> **Task objective**:
Write the listing out again exactly as it stands, with no images.

> **Material provided**:
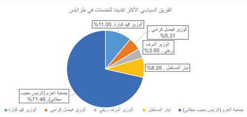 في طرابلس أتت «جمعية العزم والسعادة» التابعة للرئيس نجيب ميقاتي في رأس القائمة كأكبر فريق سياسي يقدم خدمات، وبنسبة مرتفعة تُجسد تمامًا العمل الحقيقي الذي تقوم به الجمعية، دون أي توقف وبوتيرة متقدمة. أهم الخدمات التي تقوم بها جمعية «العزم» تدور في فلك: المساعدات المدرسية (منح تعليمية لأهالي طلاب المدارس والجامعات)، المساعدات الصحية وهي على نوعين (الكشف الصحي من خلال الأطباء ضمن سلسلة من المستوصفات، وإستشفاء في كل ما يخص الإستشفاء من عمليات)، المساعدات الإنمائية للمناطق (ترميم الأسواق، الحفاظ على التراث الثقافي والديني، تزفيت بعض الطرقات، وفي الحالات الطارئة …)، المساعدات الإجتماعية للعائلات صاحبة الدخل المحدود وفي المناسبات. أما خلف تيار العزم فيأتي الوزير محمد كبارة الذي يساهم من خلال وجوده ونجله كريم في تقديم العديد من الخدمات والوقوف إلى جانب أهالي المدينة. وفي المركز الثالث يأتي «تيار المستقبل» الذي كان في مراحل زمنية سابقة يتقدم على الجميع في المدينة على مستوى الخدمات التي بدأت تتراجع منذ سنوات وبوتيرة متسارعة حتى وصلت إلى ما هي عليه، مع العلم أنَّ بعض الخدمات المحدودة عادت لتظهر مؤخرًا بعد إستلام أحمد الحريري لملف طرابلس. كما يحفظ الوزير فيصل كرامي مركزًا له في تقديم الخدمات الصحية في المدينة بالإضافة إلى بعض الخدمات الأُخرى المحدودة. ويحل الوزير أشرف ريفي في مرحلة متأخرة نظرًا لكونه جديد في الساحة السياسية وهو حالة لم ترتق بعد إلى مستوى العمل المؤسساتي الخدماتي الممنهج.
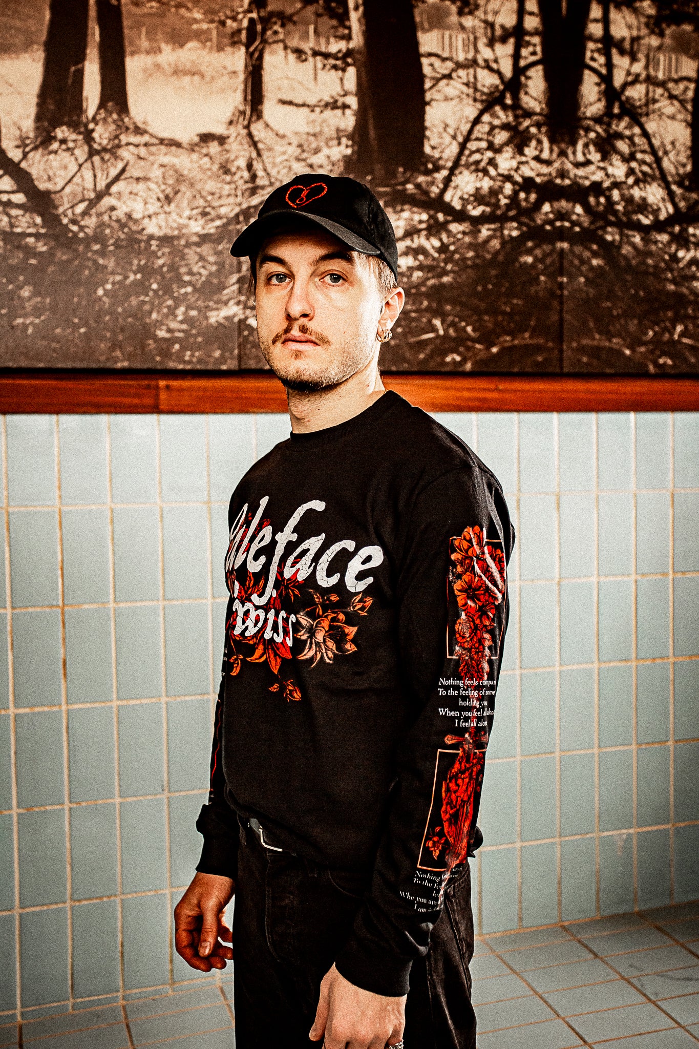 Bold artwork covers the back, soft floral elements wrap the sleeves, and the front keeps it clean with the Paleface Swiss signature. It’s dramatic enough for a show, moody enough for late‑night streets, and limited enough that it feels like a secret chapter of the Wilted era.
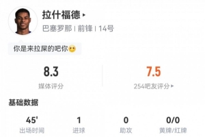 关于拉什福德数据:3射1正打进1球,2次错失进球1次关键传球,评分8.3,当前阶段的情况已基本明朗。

> **Solved exercise**:
 في طرابلس أتت «جمعية العزم والسعادة» التابعة للرئيس نجيب ميقاتي في رأس القائمة كأكبر فريق سياسي يقدم خدمات، وبنسبة مرتفعة تُجسد تمامًا العمل الحقيقي الذي تقوم به الجمعية، دون أي توقف وبوتيرة متقدمة. أهم الخدمات التي تقوم بها جمعية «العزم» تدور في فلك: المساعدات المدرسية (منح تعليمية لأهالي طلاب المدارس والجامعات)، المساعدات الصحية وهي على نوعين (الكشف الصحي من خلال الأطباء ضمن سلسلة من المستوصفات، وإستشفاء في كل ما يخص الإستشفاء من عمليات)، المساعدات الإنمائية للمناطق (ترميم الأسواق، الحفاظ على التراث الثقافي والديني، تزفيت بعض الطرقات، وفي الحالات الطارئة …)، المساعدات الإجتماعية للعائلات صاحبة الدخل المحدود وفي المناسبات. أما خلف تيار العزم فيأتي الوزير محمد كبارة الذي يساهم من خلال وجوده ونجله كريم في تقديم العديد من الخدمات والوقوف إلى جانب أهالي المدينة. وفي المركز الثالث يأتي «تيار المستقبل» الذي كان في مراحل زمنية سابقة يتقدم على الجميع في المدينة على مستوى الخدمات التي بدأت تتراجع منذ سنوات وبوتيرة متسارعة حتى وصلت إلى ما هي عليه، مع العلم أنَّ بعض الخدمات المحدودة عادت لتظهر مؤخرًا بعد إستلام أحمد الحريري لملف طرابلس. كما يحفظ الوزير فيصل كرامي مركزًا له في تقديم الخدمات الصحية في المدينة بالإضافة إلى بعض الخدمات الأُخرى المحدودة. ويحل الوزير أشرف ريفي في مرحلة متأخرة نظرًا لكونه جديد في الساحة السياسية وهو حالة لم ترتق بعد إلى مستوى العمل المؤسساتي الخدماتي الممنهج.
 Bold artwork covers the back, soft floral elements wrap the sleeves, and the front keeps it clean with the Paleface Swiss signature. It’s dramatic enough for a show, moody enough for late‑night streets, and limited enough that it feels like a secret chapter of the Wilted era.
 关于拉什福德数据:3射1正打进1球,2次错失进球1次关键传球,评分8.3,当前阶段的情况已基本明朗。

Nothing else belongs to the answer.